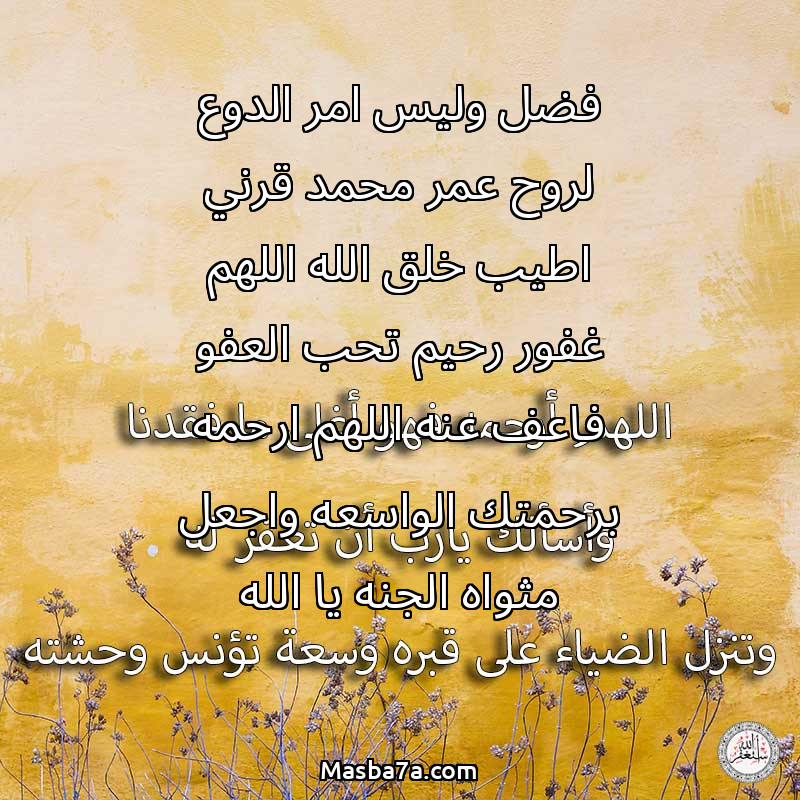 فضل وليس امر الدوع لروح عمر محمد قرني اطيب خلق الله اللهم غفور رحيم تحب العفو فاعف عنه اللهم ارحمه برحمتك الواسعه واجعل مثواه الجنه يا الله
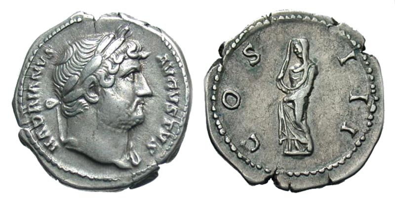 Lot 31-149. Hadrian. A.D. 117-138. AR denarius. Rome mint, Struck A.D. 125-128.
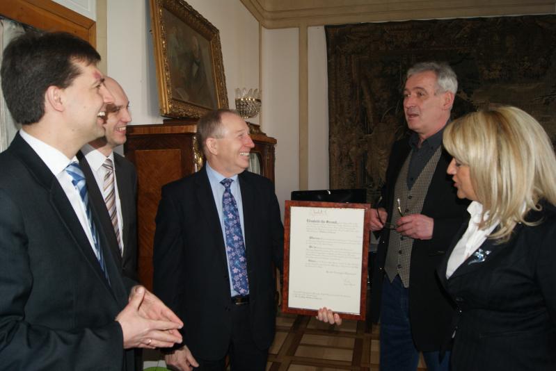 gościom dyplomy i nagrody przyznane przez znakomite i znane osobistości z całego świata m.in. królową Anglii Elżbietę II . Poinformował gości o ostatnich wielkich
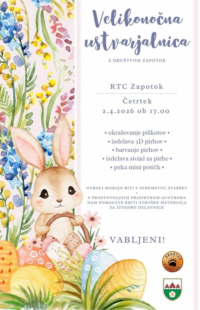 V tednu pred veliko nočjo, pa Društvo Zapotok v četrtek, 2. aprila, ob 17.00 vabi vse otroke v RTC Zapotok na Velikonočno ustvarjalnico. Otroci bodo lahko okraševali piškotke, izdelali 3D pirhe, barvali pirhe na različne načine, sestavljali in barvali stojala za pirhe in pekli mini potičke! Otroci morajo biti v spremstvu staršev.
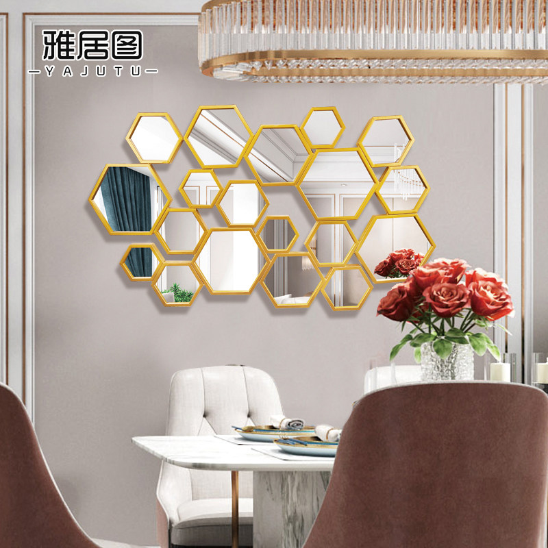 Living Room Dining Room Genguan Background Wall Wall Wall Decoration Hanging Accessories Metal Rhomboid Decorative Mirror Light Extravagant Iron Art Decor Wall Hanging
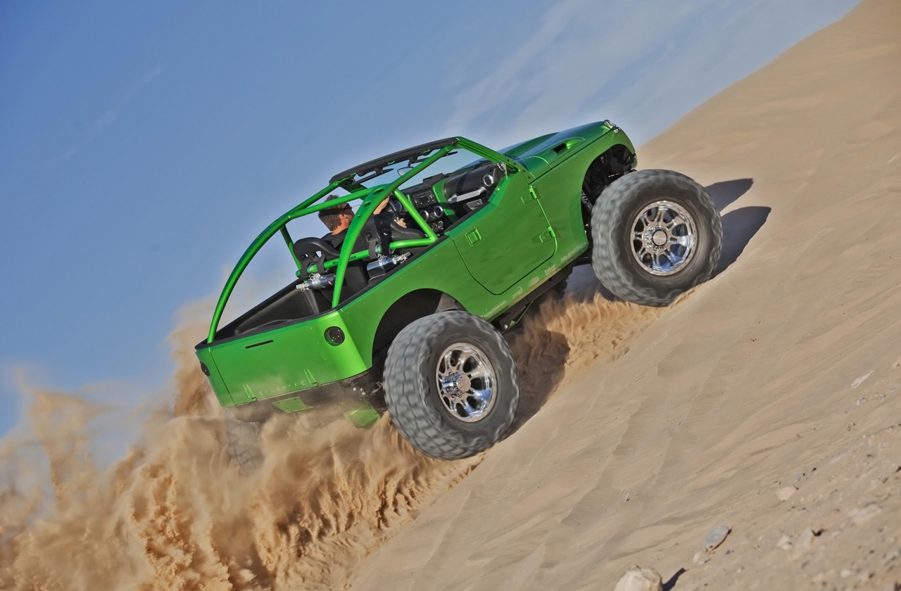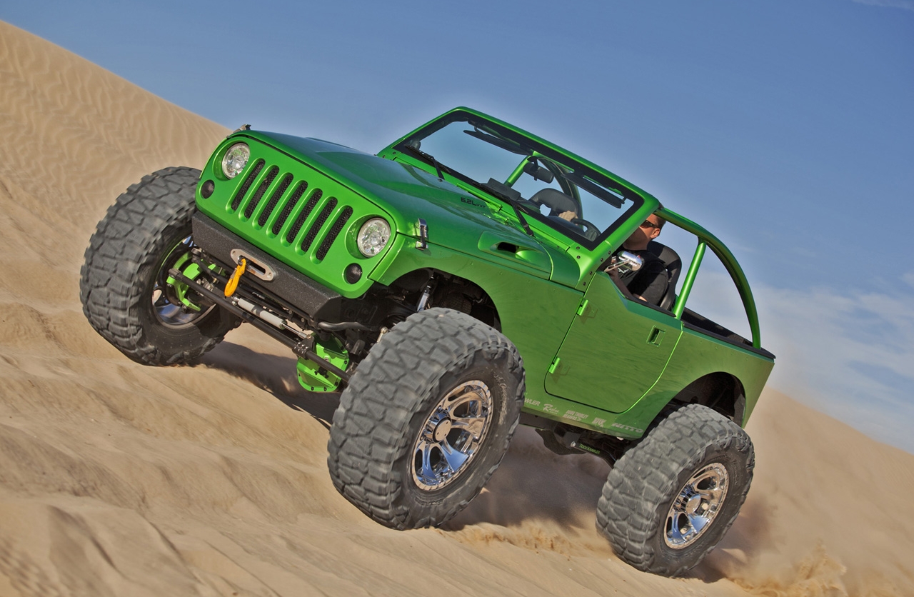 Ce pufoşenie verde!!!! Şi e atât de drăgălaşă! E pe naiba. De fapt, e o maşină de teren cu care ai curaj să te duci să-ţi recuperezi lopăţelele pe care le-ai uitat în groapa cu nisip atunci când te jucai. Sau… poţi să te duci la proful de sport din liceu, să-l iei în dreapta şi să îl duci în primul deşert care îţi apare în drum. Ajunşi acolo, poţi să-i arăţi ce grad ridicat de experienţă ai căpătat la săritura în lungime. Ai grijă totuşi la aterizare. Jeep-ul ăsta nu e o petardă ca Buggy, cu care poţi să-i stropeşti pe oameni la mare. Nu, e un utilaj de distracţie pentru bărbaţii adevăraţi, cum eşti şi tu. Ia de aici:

.....

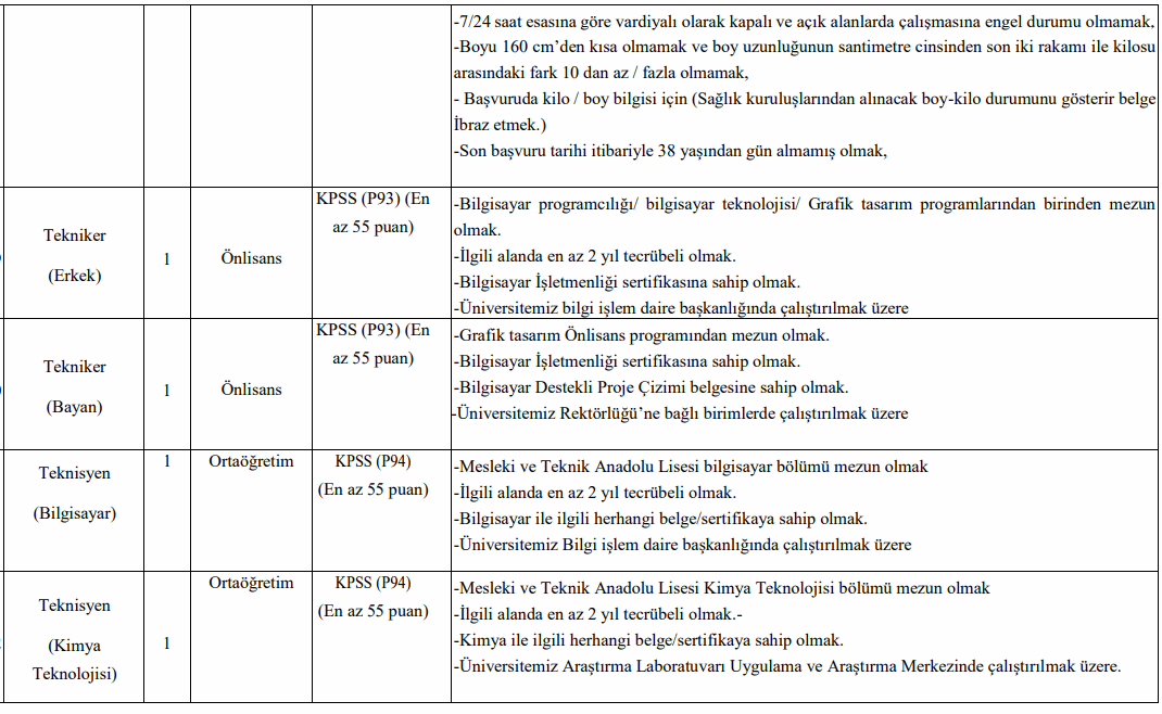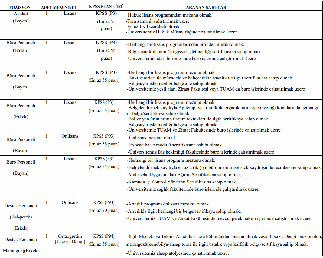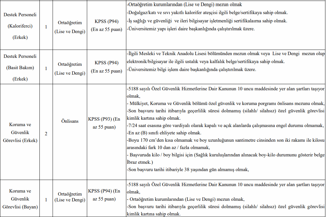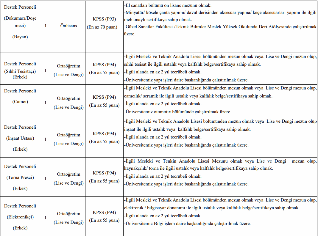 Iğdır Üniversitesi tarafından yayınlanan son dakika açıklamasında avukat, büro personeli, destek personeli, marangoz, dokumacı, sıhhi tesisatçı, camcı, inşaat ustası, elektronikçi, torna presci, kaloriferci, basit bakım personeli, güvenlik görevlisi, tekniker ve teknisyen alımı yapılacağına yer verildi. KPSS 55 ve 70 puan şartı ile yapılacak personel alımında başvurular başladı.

.....

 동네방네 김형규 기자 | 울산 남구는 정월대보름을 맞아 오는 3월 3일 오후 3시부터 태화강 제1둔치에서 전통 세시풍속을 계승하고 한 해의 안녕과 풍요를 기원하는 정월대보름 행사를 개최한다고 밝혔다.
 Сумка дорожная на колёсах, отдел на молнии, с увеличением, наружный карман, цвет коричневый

.....

### [Required work]
Above are the records; restate exactly the lines from the one containing "فضل وليس امر" through the one containing "Ce pufoşenie verde!!!!", keeping pictures out.

### [Task response]
 فضل وليس امر الدوع لروح عمر محمد قرني اطيب خلق الله اللهم غفور رحيم تحب العفو فاعف عنه اللهم ارحمه برحمتك الواسعه واجعل مثواه الجنه يا الله
 Lot 31-149. Hadrian. A.D. 117-138. AR denarius. Rome mint, Struck A.D. 125-128.
 gościom dyplomy i nagrody przyznane przez znakomite i znane osobistości z całego świata m.in. królową Anglii Elżbietę II . Poinformował gości o ostatnich wielkich
 V tednu pred veliko nočjo, pa Društvo Zapotok v četrtek, 2. aprila, ob 17.00 vabi vse otroke v RTC Zapotok na Velikonočno ustvarjalnico. Otroci bodo lahko okraševali piškotke, izdelali 3D pirhe, barvali pirhe na različne načine, sestavljali in barvali stojala za pirhe in pekli mini potičke! Otroci morajo biti v spremstvu staršev.
 Living Room Dining Room Genguan Background Wall Wall Wall Decoration Hanging Accessories Metal Rhomboid Decorative Mirror Light Extravagant Iron Art Decor Wall Hanging
 Ce pufoşenie verde!!!! Şi e atât de drăgălaşă! E pe naiba. De fapt, e o maşină de teren cu care ai curaj să te duci să-ţi recuperezi lopăţelele pe care le-ai uitat în groapa cu nisip atunci când te jucai. Sau… poţi să te duci la proful de sport din liceu, să-l iei în dreapta şi să îl duci în primul deşert care îţi apare în drum. Ajunşi acolo, poţi să-i arăţi ce grad ridicat de experienţă ai căpătat la săritura în lungime. Ai grijă totuşi la aterizare. Jeep-ul ăsta nu e o petardă ca Buggy, cu care poţi să-i stropeşti pe oameni la mare. Nu, e un utilaj de distracţie pentru bărbaţii adevăraţi, cum eşti şi tu. Ia de aici:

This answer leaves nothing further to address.